The absorption of light by the blood depends on the change in the forehead blood volume. Changes in light intensity due to absorption were recorded in the video. Consequently, the pixel intensity pf in a fixed location had different values for each frame i. The PPG signal was extracted from the temporal changes in the pixel intensity in the adjacent frames. The green channel from each frame was selected and processed. The acquired video was then converted into an image sequence (frames).

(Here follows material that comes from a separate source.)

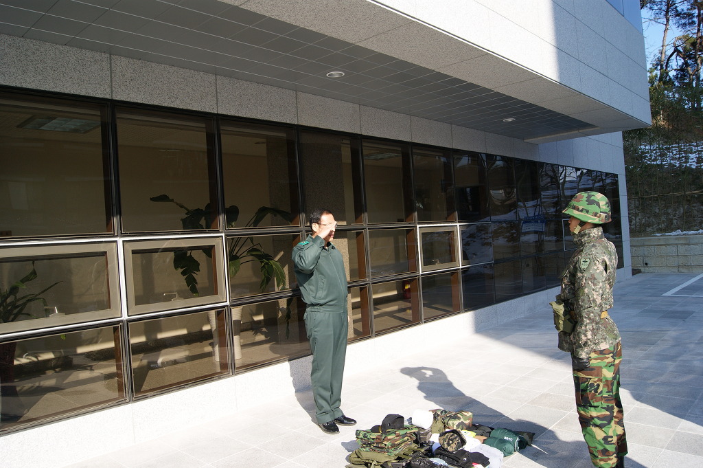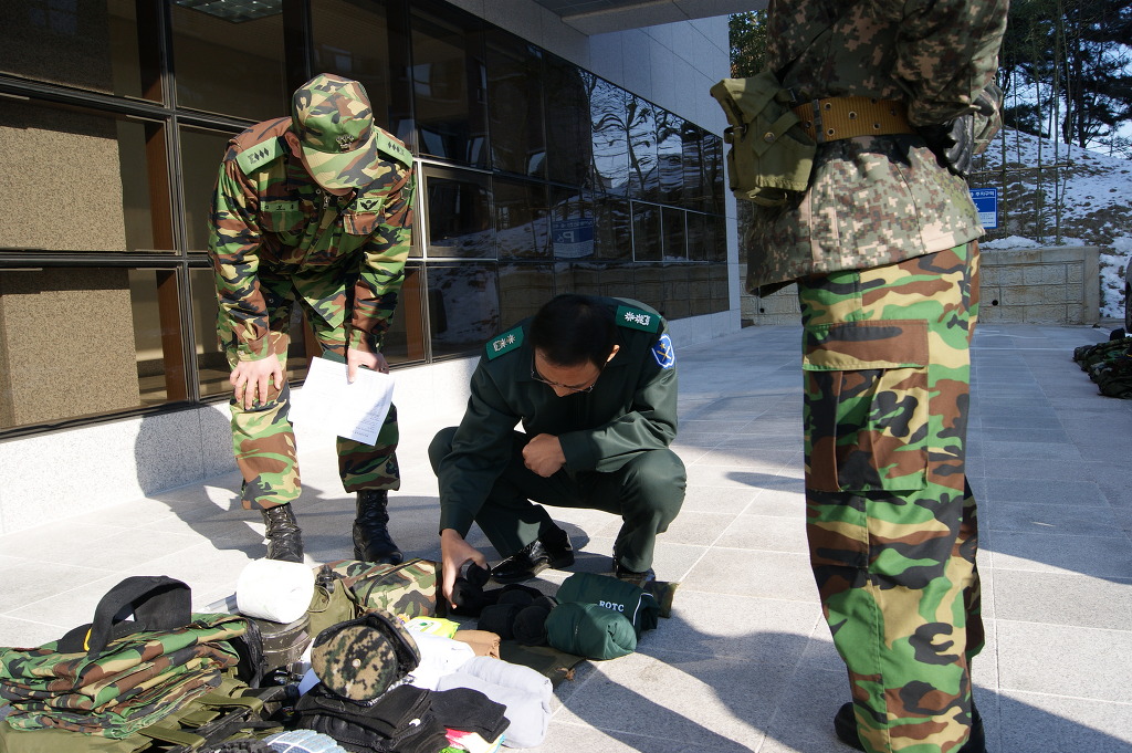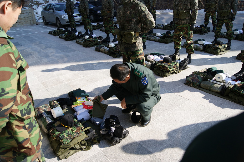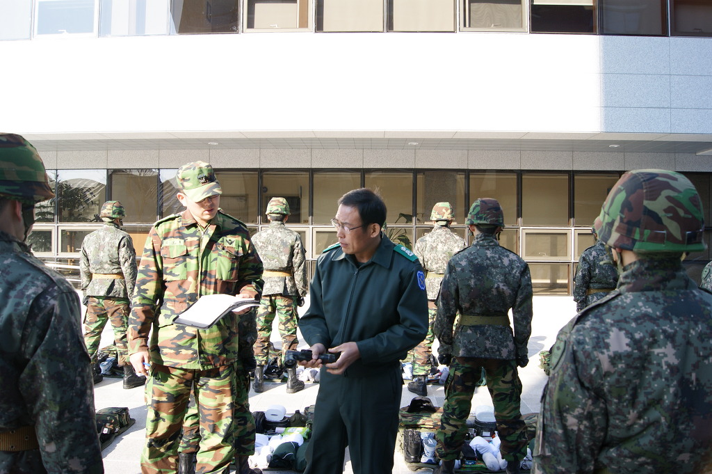 단장님께서 직접 군장물품들을 보시며 부족한 것이 있나 이상있는 물품은 없나 확인하고 계시는 중입니다.
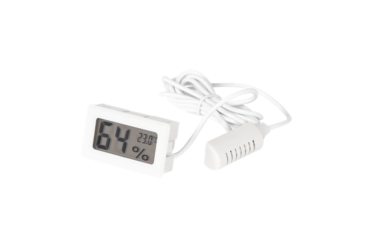 - Power supply: 2x 1,5 V battery LR44 (included) - Temperature range :: -20 ~ 70 ° C (-4 ~ 158 ° F) - Humidity range: 10% - 99% - Temperature measurement accuracy: ± 1 ° C (1.2F) - Accuracy of humidity measurement ± 5% RH - LCD display - The weather station has a stand so it can be placed anywhere - 1.5m cable - Weight 34.5g - Dimensions 48x28.4x15.8mm |

A 30 s video was recorded for each subject. The frame rate was 60 fps; thus, a video of 30 s contained M = 30 × 60 = 1800 images.

Each frame in the image sequence was transformed into data points by averaging the selected pixels according to a certain window size. For any ith frame, assuming neighboring pixels in the window of size N × N and the pixel color value of Pi (j, k), the pixel values of all points were superimposed and averaged.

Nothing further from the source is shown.